Senator of the College of Justice
- In office 5 November 2008 – 2020
- Nominated by: Alex Salmond As First Minister
- Appointed by: Elizabeth II

Personal details
- Born: Iain Alexander Scott Peebles August 1954 (age 71)
- Alma mater: University of Strathclyde
- Website: Scottish Courts Service

= Iain Peebles, Lord Bannatyne =

Iain Alexander Scott Peebles, Lord Bannatyne (born August 1954) was a Senator of the College of Justice, a judge of the High Court of Justiciary and Court of Session in Scotland from 2008 until 2020.

==Career==
After studying at the School of Law of the University of Strathclyde, Peebles was admitted to the Faculty of Advocates in 1979, and appointed Queen's Counsel in 1993. He was appointed as a temporary Sheriff in 1991, a full-time Sheriff in 1995, and began sitting as a commercial sheriff in 1999. He was appointed a temporary High Court judge in 2003, serving until his elevation to the Bench in 2008. He was a member of the Sheriff Courts Rules Council from 2001 to 2007, and joint-chairman of the IT Committee of the Sheriff and Court of Session Rules Council.

==The Bench==
On 5 November 2008, the Scottish Executive announced he had been appointed to the Outer House of the Court of Session as Lord Bannatyne, filling the vacancy which had arisen from the death of Lord Johnston in June that year.
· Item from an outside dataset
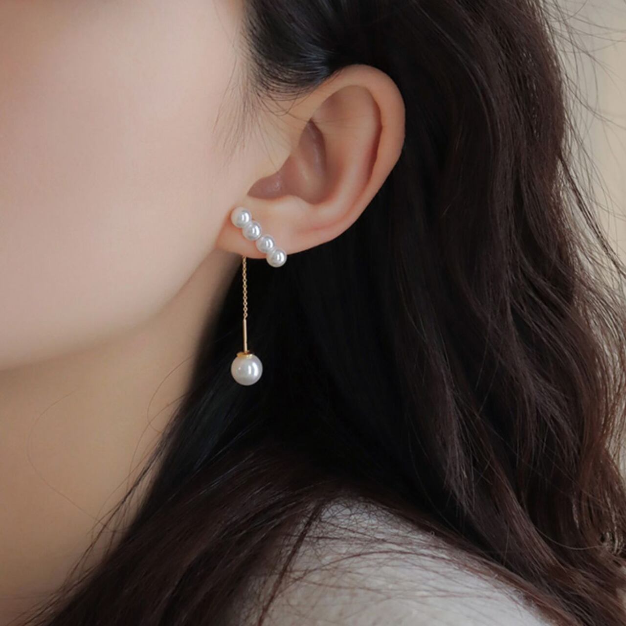 小粒パールが耳元をすっと彩り、大粒パールが揺れる華やかな2WAY風デザインピアス。

His appointment came at the same time as those of Paul Cullen, Lord Pentland and Valerie Stacey, Lady Stacey. The men's decisions to adopt titles other than their own surnames drew comment in the press as straying from tradition.

==Notable cases==
Notable cases overseen by Lord Bannatyne include the trial of Scotland's largest paedophile ring, in which eight men were found guilty of more than 50 charges, including the abuse of infants. The ring held more than 125,000 images, ringleaders included James Rennie, the chief executive of LGBT Youth Scotland.